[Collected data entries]
────────────────────
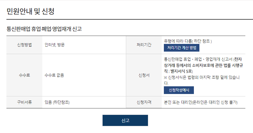 통신판매업 휴업 폐업 영업재개 신고 | 민원안내 및 신청 | 민원24 | 정부24 (gov.kr)
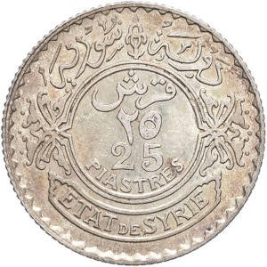 SYRIE - SYRIA Mandat français (1920-1946). 25 piastres 1929, Paris.
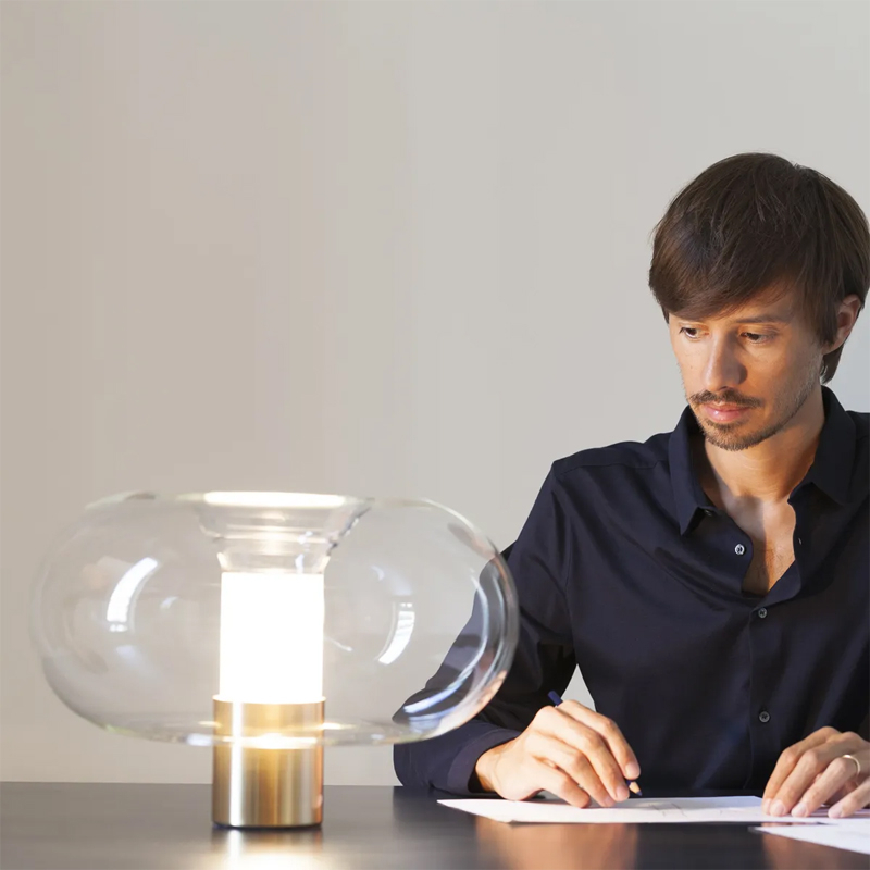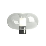 With Fontanella, Fontana Arte offers an elegant lamp that highlights two historic materials in the brand's tradition: metal and glass. The metal forms the base and contains the light source, while the glass, the real protagonist of the project, is skilfully worked by skilled craftsmen in a fusion process between a transparent glass section and a satin-finish section from which the light is diffused. The Fontanella lamp is distinguished by the union of two glasses: a sandblasted inner tube, connected to a bubble-shaped piece of blown glass. What makes the process particularly refined is the manual assembly of these two pieces, which requires the technique of a craftsman. For example, Fontanella is a soft, sculptural diffused light lamp that will fit in with any style of interior.
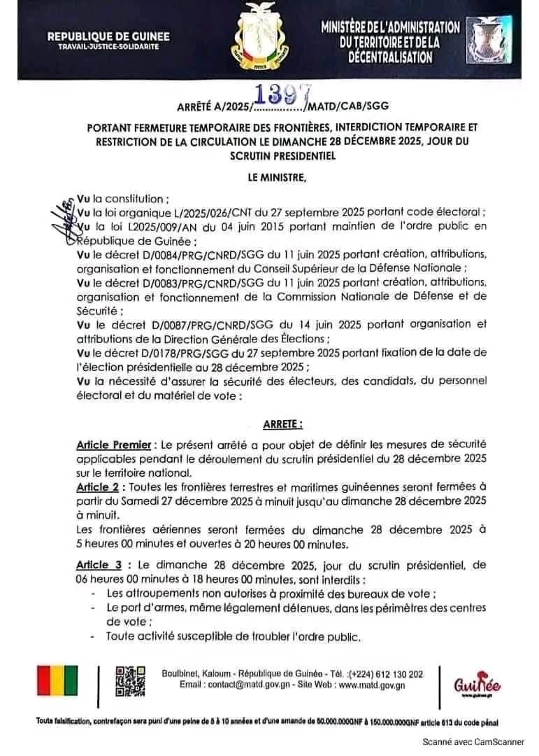 Le général Ibrahima Kalil Condé a annoncé, dans un arrêté, les frontières terrestres et maritimes seront fermées du samedi 27 décembre à minuit au dimanche 28 décembre à minuit. Les frontières aériennes seront, quant à elles, fermées le dimanche 28 décembre de 5h00 à 20h00.
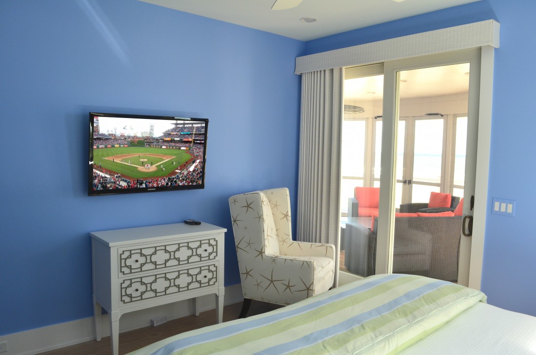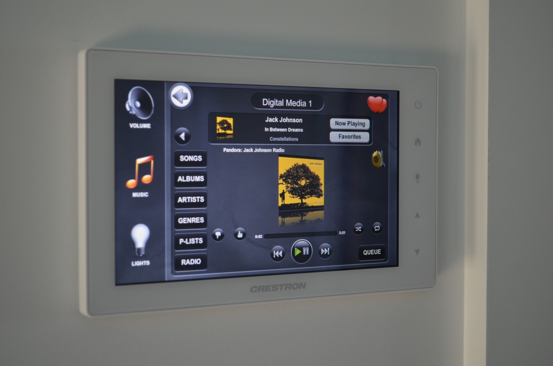 This summer home paradise was a second property for a customer who lives in the Philadelphia area. Using the unrestricted Crestron design software, Hoishik was able to integrate HVAC, lights, and security so the customer could manage their property while they were not there. The Crestron system has customizations magic programs such as “Coming Home.” With the press of one button the house will automatically make adjustments to give the customer a warm welcome back to paradise. On the other hand, when the customer leaves the “Away” program will make sure the house is properly turned off. The doors will lock, security will arm, all of the A/V system will shut off, HVAC will run an away program, and the lights will run a specific program to make is seem as if someone is in the home. The customer will never come home to a cold house or drive away wondering if they closed the garage or locked the doors. However, if they ever just wanted to check, from any smart phone, tablet or computer, they can view the status of the alarm, HVAC, lights, and door locks.
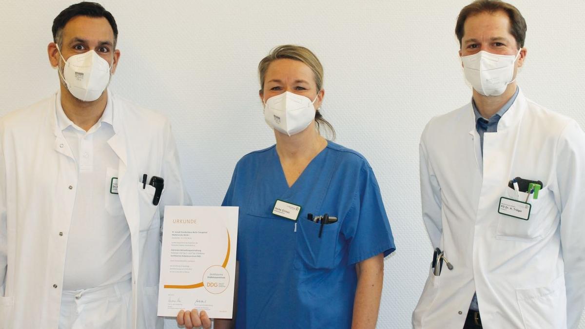 Voraussetzungen für die Zertifizierung sind unter anderem ausreichend hohe Behandlungszahlen sowie qualifizierte Mitarbeitende in den Bereichen Diabetologie, Diabetesberatung und Wundmanagement. „Stationäre Behandlungseinrichtung Patienten mit Typ-1- und Typ-2-Diabetes Zertifiziertes Diabeteszent-rum DDG“ lautet die offizielle Bezeichnung, die die Medizinische Klinik I nun weiterhin bis Februar 2025 führen darf. „Es freut mich sehr, dass wir den Weg als zertifiziertes Diabeteszentrum weitergehen können. Gerade in Zeiten der Pandemie ist es keine Selbstverständlichkeit, eine Zertifizierung erfolgreich zu bestehen“, betont Tobias Dreißigacker, Geschäftsführer des St. Joseph Krankenhauses. „Die Rezertifizierung bestärkt unser engagiertes Team in seiner täglichen Arbeit und unterstreicht unseren hohen Anspruch an eine leitliniengerechte Versorgung in allen Bereichen – Therapie, Beratung und Schulung.“
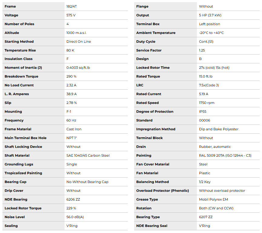 HT005504NPW22, W22 NEMA Premium Efficiency 5Hp 1750 4P 182/4T 3Ph 575 V 60 Hz IC411 - TEFC - Foot-mounted
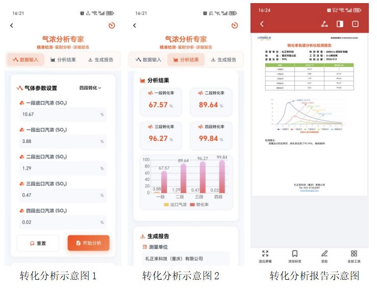 我司全新推出的“轉(zhuǎn)化分析”功能,專為精細(xì)化評估轉(zhuǎn)化器運(yùn)行效能而設(shè)計。在“數(shù)據(jù)輸入”版塊,用戶可根據(jù)實(shí)際工藝情況,選擇四段或五段轉(zhuǎn)化模式,并輸入各段出口氣體濃度,系統(tǒng)將依據(jù)專業(yè)計算公式,精準(zhǔn)得出每段的轉(zhuǎn)化率;在“分析結(jié)果”版塊,將為您提供清晰的數(shù)值結(jié)果與趨勢圖表,全面展現(xiàn)各段轉(zhuǎn)化效率及轉(zhuǎn)化器各層的健康運(yùn)行狀態(tài);在“生成報告”版塊,支持生成結(jié)構(gòu)化檢測報告——涵蓋測量單位、檢測地址、裝置工況、工藝流程、裝置負(fù)荷等關(guān)鍵信息,并允許檢測人員添加專業(yè)建議,形成完整、可追溯的檢測閉環(huán)。
────────────────────
> [THE PROBLEM]:
Output each record exactly as it appears, but not the pictures.

> [THE ANSWER]:
 통신판매업 휴업 폐업 영업재개 신고 | 민원안내 및 신청 | 민원24 | 정부24 (gov.kr)
 SYRIE - SYRIA Mandat français (1920-1946). 25 piastres 1929, Paris.
 With Fontanella, Fontana Arte offers an elegant lamp that highlights two historic materials in the brand's tradition: metal and glass. The metal forms the base and contains the light source, while the glass, the real protagonist of the project, is skilfully worked by skilled craftsmen in a fusion process between a transparent glass section and a satin-finish section from which the light is diffused. The Fontanella lamp is distinguished by the union of two glasses: a sandblasted inner tube, connected to a bubble-shaped piece of blown glass. What makes the process particularly refined is the manual assembly of these two pieces, which requires the technique of a craftsman. For example, Fontanella is a soft, sculptural diffused light lamp that will fit in with any style of interior.
 Le général Ibrahima Kalil Condé a annoncé, dans un arrêté, les frontières terrestres et maritimes seront fermées du samedi 27 décembre à minuit au dimanche 28 décembre à minuit. Les frontières aériennes seront, quant à elles, fermées le dimanche 28 décembre de 5h00 à 20h00.
 This summer home paradise was a second property for a customer who lives in the Philadelphia area. Using the unrestricted Crestron design software, Hoishik was able to integrate HVAC, lights, and security so the customer could manage their property while they were not there. The Crestron system has customizations magic programs such as “Coming Home.” With the press of one button the house will automatically make adjustments to give the customer a warm welcome back to paradise. On the other hand, when the customer leaves the “Away” program will make sure the house is properly turned off. The doors will lock, security will arm, all of the A/V system will shut off, HVAC will run an away program, and the lights will run a specific program to make is seem as if someone is in the home. The customer will never come home to a cold house or drive away wondering if they closed the garage or locked the doors. However, if they ever just wanted to check, from any smart phone, tablet or computer, they can view the status of the alarm, HVAC, lights, and door locks.
 Voraussetzungen für die Zertifizierung sind unter anderem ausreichend hohe Behandlungszahlen sowie qualifizierte Mitarbeitende in den Bereichen Diabetologie, Diabetesberatung und Wundmanagement. „Stationäre Behandlungseinrichtung Patienten mit Typ-1- und Typ-2-Diabetes Zertifiziertes Diabeteszent-rum DDG“ lautet die offizielle Bezeichnung, die die Medizinische Klinik I nun weiterhin bis Februar 2025 führen darf. „Es freut mich sehr, dass wir den Weg als zertifiziertes Diabeteszentrum weitergehen können. Gerade in Zeiten der Pandemie ist es keine Selbstverständlichkeit, eine Zertifizierung erfolgreich zu bestehen“, betont Tobias Dreißigacker, Geschäftsführer des St. Joseph Krankenhauses. „Die Rezertifizierung bestärkt unser engagiertes Team in seiner täglichen Arbeit und unterstreicht unseren hohen Anspruch an eine leitliniengerechte Versorgung in allen Bereichen – Therapie, Beratung und Schulung.“
 HT005504NPW22, W22 NEMA Premium Efficiency 5Hp 1750 4P 182/4T 3Ph 575 V 60 Hz IC411 - TEFC - Foot-mounted
 我司全新推出的“轉(zhuǎn)化分析”功能,專為精細(xì)化評估轉(zhuǎn)化器運(yùn)行效能而設(shè)計。在“數(shù)據(jù)輸入”版塊,用戶可根據(jù)實(shí)際工藝情況,選擇四段或五段轉(zhuǎn)化模式,并輸入各段出口氣體濃度,系統(tǒng)將依據(jù)專業(yè)計算公式,精準(zhǔn)得出每段的轉(zhuǎn)化率;在“分析結(jié)果”版塊,將為您提供清晰的數(shù)值結(jié)果與趨勢圖表,全面展現(xiàn)各段轉(zhuǎn)化效率及轉(zhuǎn)化器各層的健康運(yùn)行狀態(tài);在“生成報告”版塊,支持生成結(jié)構(gòu)化檢測報告——涵蓋測量單位、檢測地址、裝置工況、工藝流程、裝置負(fù)荷等關(guān)鍵信息,并允許檢測人員添加專業(yè)建議,形成完整、可追溯的檢測閉環(huán)。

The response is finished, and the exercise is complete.